So what's your secret? How do you get people to open up about all these difficult subjects on camera?

It's not so much about what you ask when the person you're talking to is in the chair, it's getting them in the chair to begin with, and I think that it's persuading the interview subject that you're going to create a space in which you will listen to what they have to say, and if they lie to you–and many people lie to me–if they lie to you, you can ... there are ways of dealing with that in the editing room, but, in the moment, you know, you wanna give them the opportunity to say what it is that they have to say, and if you can persuade them that you will take their testimony and listen to it and treat it with dignity, then I think you have the basis for discussion that moves beyond the facts of the matter into deeper considerations of, of motive and understanding. And I think most people want to tell their own stories, really, but the idea is to create an environment in which they feel it safe to do so.

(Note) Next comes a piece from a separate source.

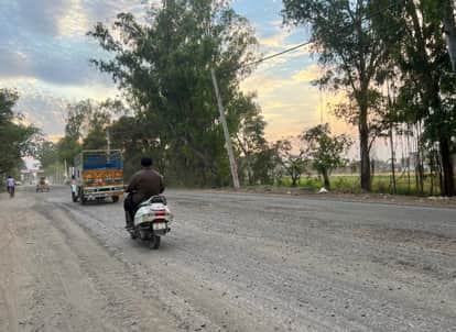 कुरुक्षेत्र। पिपली-लाडवा रोड पर निवारसी मोड़ के निकट उखड़ी सड़क से गुजरते वाहन चालक। संवाद
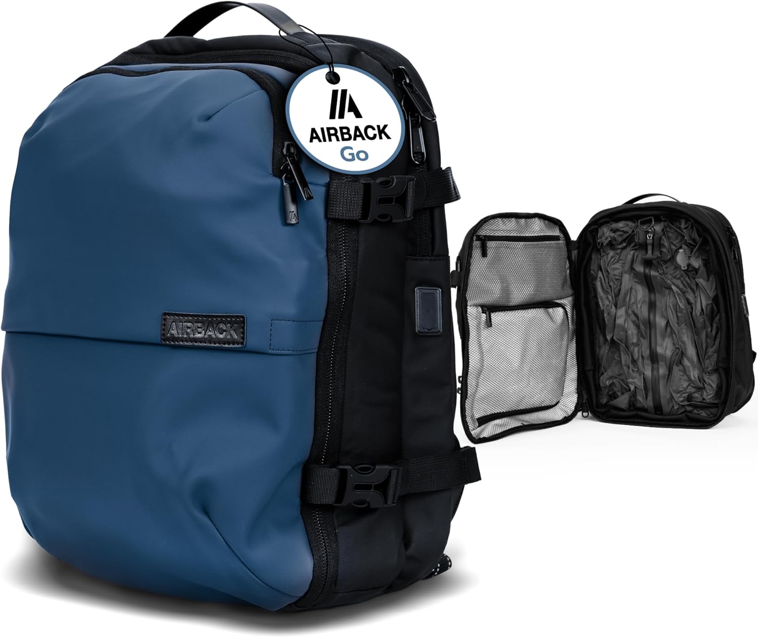 Airback Bolsa de Cabina, Sistema de vacío Integrado para Debajo del Asiento, para Viajes de Fin de Semana, se Adapta a Ryanair, Resistente al Agua y Puerto de Carga USB-C, AirbackGO Azul Marino

Now sometimes, you know, you're confronted with people who–and Lance Armstrong would be an example here–who kind of enjoy this process of telling stories in part because they're lies, and, and so you have to engage people like that, and Lance was an interesting character. I liked Lance, I liked hanging out with him, but you could tell that there was a kind of enjoyment that he had in terms of telling these lies, and so going down that road with him was an interesting path, and it was interesting not only for him, but also for me 'cause you can get lost in there.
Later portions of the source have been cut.